AI/LLM Findings Report Templates

In an era of rapidly evolving Artificial Intelligence/Large Language Model (AI/LLM) technologies, cybersecurity practitioners face significant challenges in monitoring unauthorized AI solutions, detecting AI vulnerabilities, and identifying unexpected AI/LLM development. Tenable Security Center leverages advanced detection technologies - agents, passive network monitoring, dynamic application security testing, and distributed scan engines - to surface AI/LLM software, libraries, and browser plugins. The risk managers utilize these reports to begin a comprehensive review of the AI/LLM packages in systems and web applications, along with associated vulnerabilities, mitigating risks of exploitation, data leakage, and unauthorized resource consumption.

AI/LLM technologies are promising and can transform many industries and businesses, offering new innovation and efficiency opportunities. However, the technology represents a huge security challenge at many layers and this impact should not be overlooked. By using Tenable Security Center and Tenable Web App Scanning the organization is able to take a security-first approach. When combined with best practices and robust governance policies, the organizations can harness the power of AI/LLM and mitigate the associated emerging threats.

Tenable Vulnerability Management has 3 separate reports, or 3 chapters available for a custom report:

AI/LLM Known Software (Explore): This chapter provides the details for Assets that we found to have one or more of the AI/LLM software plugins detected by Nessus. The chapter will search through plugins that relate to different detected AI/LLM software.

AI/LLM Nessus Browser Detection (Explore): This chapter provides the details for Assets that we found to have one or more of the AI/LLM detection browser extension plugins detected by Nessus. The chapter will search through plugins that include certain keywords: GPT, CopIlot, or AI. The AI /LLM Browser Detection chart shows the count of plugins related to the detection of GPT, AI, or Copilot AI or LLM browser extensions.

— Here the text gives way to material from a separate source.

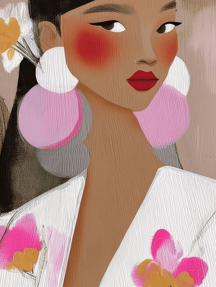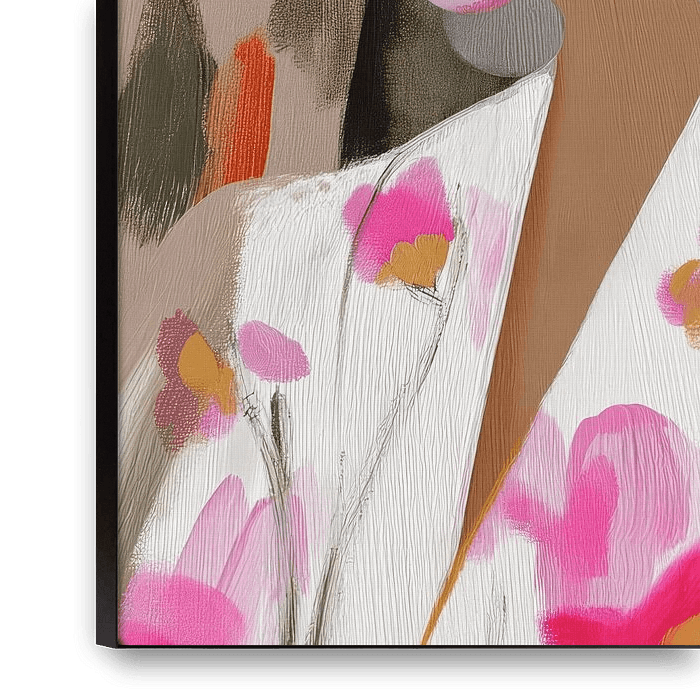 Dieses moderne Frauenporträt vereint Eleganz und Verspieltheit in einer stilvollen, zeitgenössischen Komposition. Die sanften Erdtöne bilden eine ruhige Grundlage, während das lebhafte Rosa und die warmen Akzente in den Blumen und Accessoires für eine frische und feminine Ausstrahlung sorgen.

AI/LLM Usage Detected using Web Application Security  (Explore): This chapter brings to focus 23 AI/LLM detection and vulnerability plugins available to Tenable Web App Scanning. The web application scanner plugins detect a multitude of AI/LLM instances, many allow access to publicly accessible LLM instances which enable the ability to convert documents or contents into references used by the selected language model. While other detections find AI/LLM instances that provide a collection of tools to help developers build their own AI service around most popular LLMs. The vulnerability plugins enable the detection of AI assisted attacks such as Server-Side Request Forgery (SSRF) and Cross-Site Scripting attacks, allowing remote and unauthenticated attacks.